- _Recorded data_
================

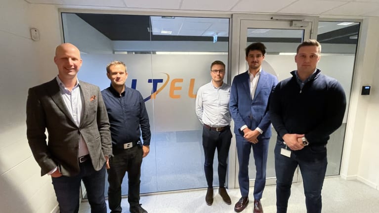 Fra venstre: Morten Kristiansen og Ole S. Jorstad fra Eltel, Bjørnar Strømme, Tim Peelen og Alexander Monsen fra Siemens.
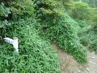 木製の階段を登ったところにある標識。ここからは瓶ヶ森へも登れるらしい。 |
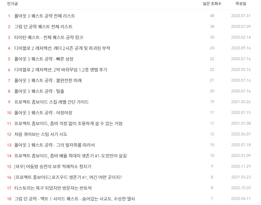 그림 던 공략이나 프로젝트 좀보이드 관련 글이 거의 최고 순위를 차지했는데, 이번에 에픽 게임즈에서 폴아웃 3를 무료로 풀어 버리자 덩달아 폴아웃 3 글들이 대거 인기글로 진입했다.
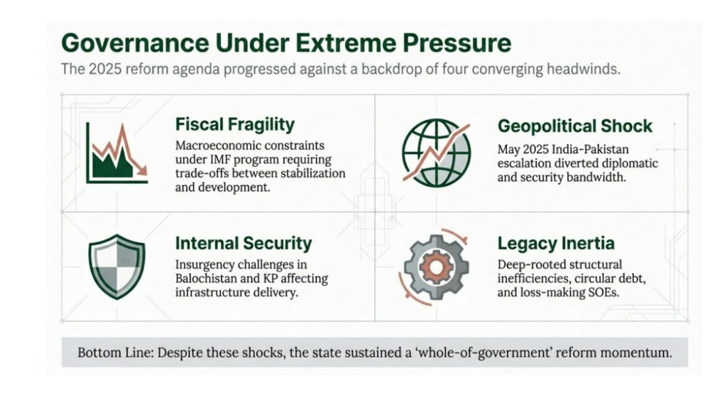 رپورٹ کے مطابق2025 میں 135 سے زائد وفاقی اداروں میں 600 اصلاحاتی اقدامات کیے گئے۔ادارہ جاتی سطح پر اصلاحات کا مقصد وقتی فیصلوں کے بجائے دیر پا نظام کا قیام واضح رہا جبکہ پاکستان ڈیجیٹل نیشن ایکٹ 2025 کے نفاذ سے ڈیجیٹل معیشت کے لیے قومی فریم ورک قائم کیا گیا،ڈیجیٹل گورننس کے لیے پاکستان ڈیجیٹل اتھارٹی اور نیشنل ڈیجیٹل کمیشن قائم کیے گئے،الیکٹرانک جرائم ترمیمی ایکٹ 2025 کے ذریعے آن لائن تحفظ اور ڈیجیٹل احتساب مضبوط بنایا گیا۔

================

- _Work order_
Please provide a faithful transcription of all the data, pictures excluded.

- _Result for this task_
 Fra venstre: Morten Kristiansen og Ole S. Jorstad fra Eltel, Bjørnar Strømme, Tim Peelen og Alexander Monsen fra Siemens.
 木製の階段を登ったところにある標識。ここからは瓶ヶ森へも登れるらしい。 |
 그림 던 공략이나 프로젝트 좀보이드 관련 글이 거의 최고 순위를 차지했는데, 이번에 에픽 게임즈에서 폴아웃 3를 무료로 풀어 버리자 덩달아 폴아웃 3 글들이 대거 인기글로 진입했다.
 رپورٹ کے مطابق2025 میں 135 سے زائد وفاقی اداروں میں 600 اصلاحاتی اقدامات کیے گئے۔ادارہ جاتی سطح پر اصلاحات کا مقصد وقتی فیصلوں کے بجائے دیر پا نظام کا قیام واضح رہا جبکہ پاکستان ڈیجیٹل نیشن ایکٹ 2025 کے نفاذ سے ڈیجیٹل معیشت کے لیے قومی فریم ورک قائم کیا گیا،ڈیجیٹل گورننس کے لیے پاکستان ڈیجیٹل اتھارٹی اور نیشنل ڈیجیٹل کمیشن قائم کیے گئے،الیکٹرانک جرائم ترمیمی ایکٹ 2025 کے ذریعے آن لائن تحفظ اور ڈیجیٹل احتساب مضبوط بنایا گیا۔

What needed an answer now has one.